Следует особо отметить, что О. Караев ссылается на сведения Гардизи и ал-Мар-вази относительно существования у кыргызов так называемых фагинунов, т. е. служителей культа. Фагинуны во время обрядовых действий, которые сопровождались музыкой, доводили себя до потери сознания, а затем, придя в чувство, предсказывали различные события, природные катаклизмы, нашествие врагов и др. [Караев, 1968. С. 96]. Данные сведения совпадают с элементами шаманского экстаза, во время которого кам общался с духами, а затем исполнял их волю. Необходимо учитывать, что такое своеобразное описание священнослужителей представлено авторским взглядом персидских и арабских путешественников, которым далеко не всегда были понятны «варварские» обычаи и обряды. Показательной в этом плане является оценка погребального обряда кыргызов, представленная Гардизи в своеобразном историко-сравнительном аспекте. Так, персидский ученый отметил: «Киргизы… подобно индусам, сжигают умерших и говорят: “Огонь – самая чистая вещь; все, что попадает в огонь, очищает от грязи и грехов”» (цит. по: [Караев, 1968. С. 98]). Подобные сведения сообщает арабский автор XII в. ал-Марвази: «У киргизов в обычае сжигать своих умерших. Они утверждают, что огонь делает их чистыми и очищает их…» (цит. по: [Митько, 1994. C. 221]).

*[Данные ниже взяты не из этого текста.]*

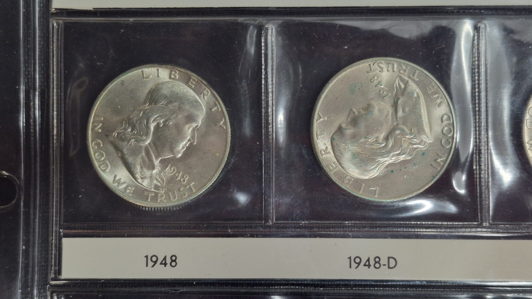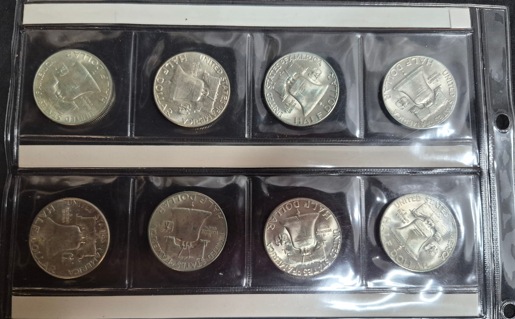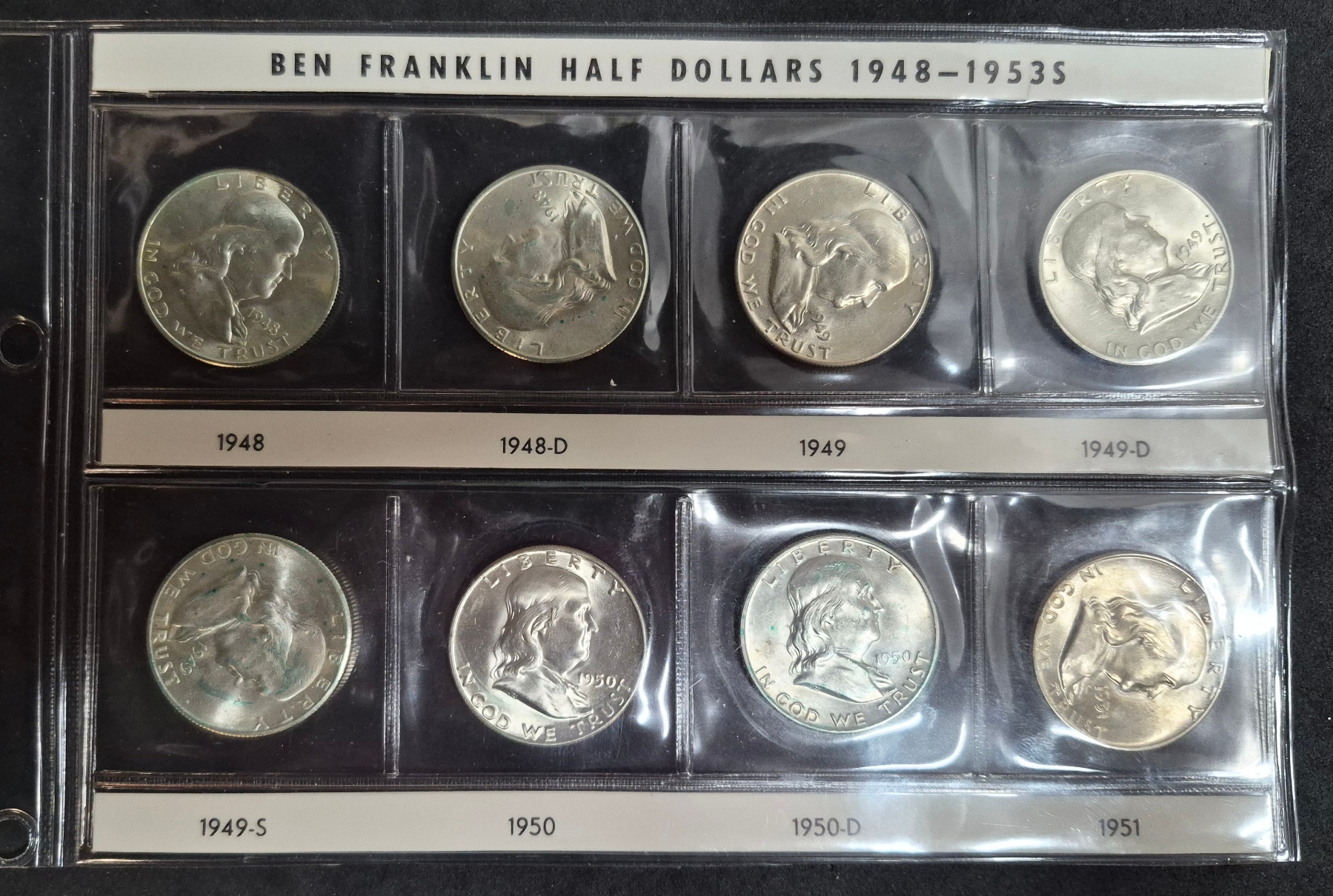 Qty 8 - Frankin Half Dollars In BU Condition In Sealed Sleeve Page 1948 Thru 1951 90% Silver - Dates Are: 1948 P & D, 1949 P -D & S, 1950 P & D, 1951 P
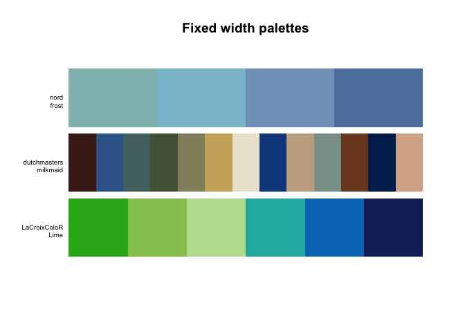 The palettes are divided into 2 groups; discrete and continuous. For discrete palette you have the choice between the fixed width palettes and dynamic palettes. Most common of the two are the fixed width palettes which have a set amount of colors which doesn’t change when the number of colors requested vary like the following palettes:
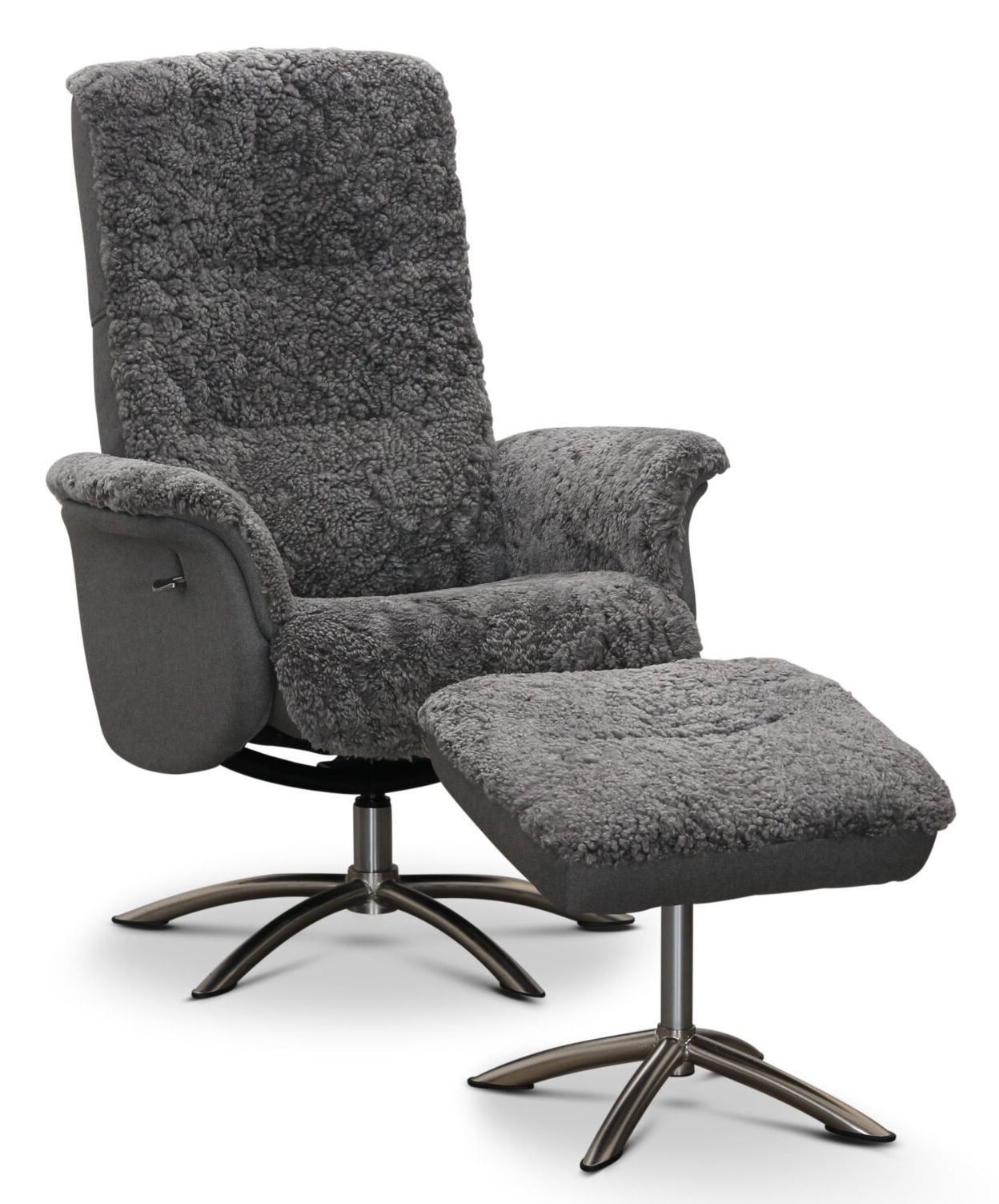HEMSE Snurrfåtölj med pall, fårskinn grafit/tyg Maison 32

Погребально-поминальный цикл кыргы-зов хорошо изучен археологически в разных районах Южной Сибири и Центральной Азии (см.: [Кызласов, 1983; Митько, 1994; Грач, Савинов, Длужневская, 1998; Савинов, 1994; Дашковский, 2007б] и др.). Кроме того, он имеет многочисленные этнографические параллели, неоднократно отмеченные исследователями (см.: [Абрамзон, 1971; Длужнев-ская, 1995] и др.). В то же время приведенные выше отрывки из различных по происхождению, времени и авторству источников позволяют сделать ряд выводов относительно погребально-поминального цикла. Во-первых, погребально-поминальная обрядность занимала длительный (в течение одного года) период. Во-вторых, она включала в себя несколько этапов: выбор места для захоронения, транспортировка тела умершего, подготовка погребального костра и т. д. [Митько, 1994]. В-третьих, существуют отрывочные сведения о священнослужителях – шаманах или близких им по функциям людям, хотя основные элементы обряда погребения, вероятно, совершались под руководством глав семей и кланов. В-четвертых, достаточно дискуссионным остается вопрос о самой сущности религии кыргызов и, в частности, вопрос о степени проникновения манихейства в тра- диционное мировоззрение номадов. Еще в первой половине XI в. Абурайхан Бируни отмечал, что «веру Мани и его учение исповедуют большинство восточных тюрков, обитатели Китая, Тибета и части Индии» [Бируни, 1957. C. 11]. Однако данные сведения, безусловно, нужно рассматривать весьма критически, а не как аксиому. Дело в том, что манихейство в это время, наряду с христианством, рассматривалось мусульманскими авторами в противопоставлении исламу. В этой связи степень распространения манихейства среди неисламских регионов и стран могла быть существенно преувеличена.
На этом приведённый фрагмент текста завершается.